Murtagh's drama takes on one of the grimmest episodes in the history of the Irish Catholic Church - the exploitation of pregnant young women in mother and baby homes - and crafts a psychological thriller around it.

There's a risk in handling such a sensitive subject in this way that Murtagh and his directors Harry Woodlif and Rachna Suri could make a real haims of an issue that is still raw for many people.

Unfortunately that nagging concern never really goes away throughout the run of this imaginative BBC1 drama.

© BBC & Motive Pictures

'The Woman In The Wall' isn't the first TV show to take a tough real life issue and address it through the medium of a thriller.

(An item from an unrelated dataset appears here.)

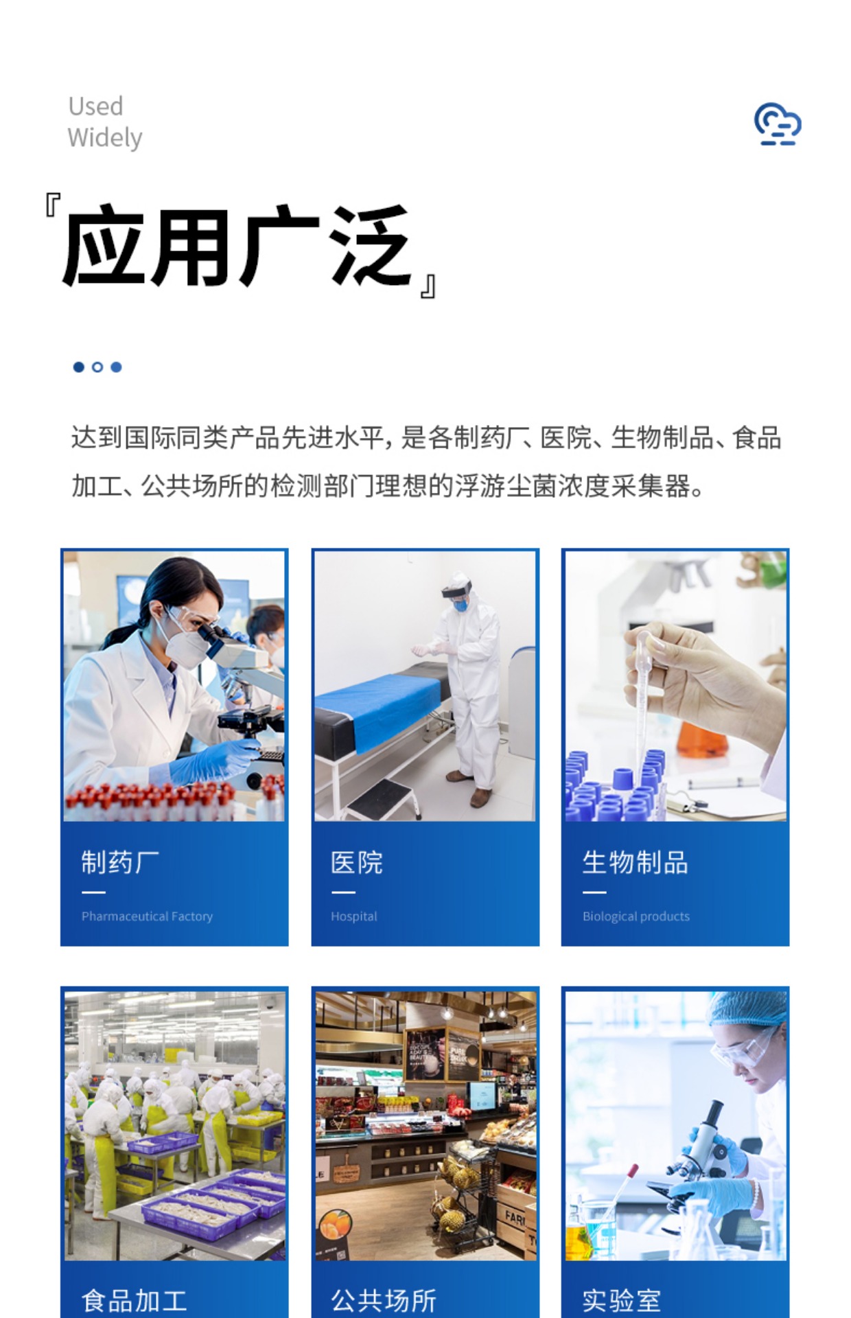 本儀器結構獨特新穎,分上下兩部分,上部分采集口和采樣座及氣泵,下部分控制器及電池。采樣口和外殼采用優質航空鋁制造,表面閉孔處理,便于使用前的滅菌消毒。本儀器功能強大,采樣量大,收集效率高,性能穩定,操作簡便,達到國際同類產品**水平,是各制藥廠、醫院、生物制品、食品加工、公共場所的檢測部門理想的浮游塵菌濃度采集器。

Before he penned his moving TV film 'Hillsborough,' Jimmy McGovern addressed the trauma of the 1989 Liverpool FC disaster in the stunning 'To Be Somebody' episode of his hit ITV crime series 'Cracker' with Robbie Coltrane and Robert Carlyle.

The bitter political divisions of the 1984-85 miners strike informed James Graham's gripping six part Nottinghamshire murder mystery 'Sherwood' on BBC1 last year with David Morrissey and Alun Armstrong.

For three series, Sally Wainwright's 'Happy Valley' also touched on deprivation, drug addiction and family dysfunction in a Yorkshire community that has seen better days.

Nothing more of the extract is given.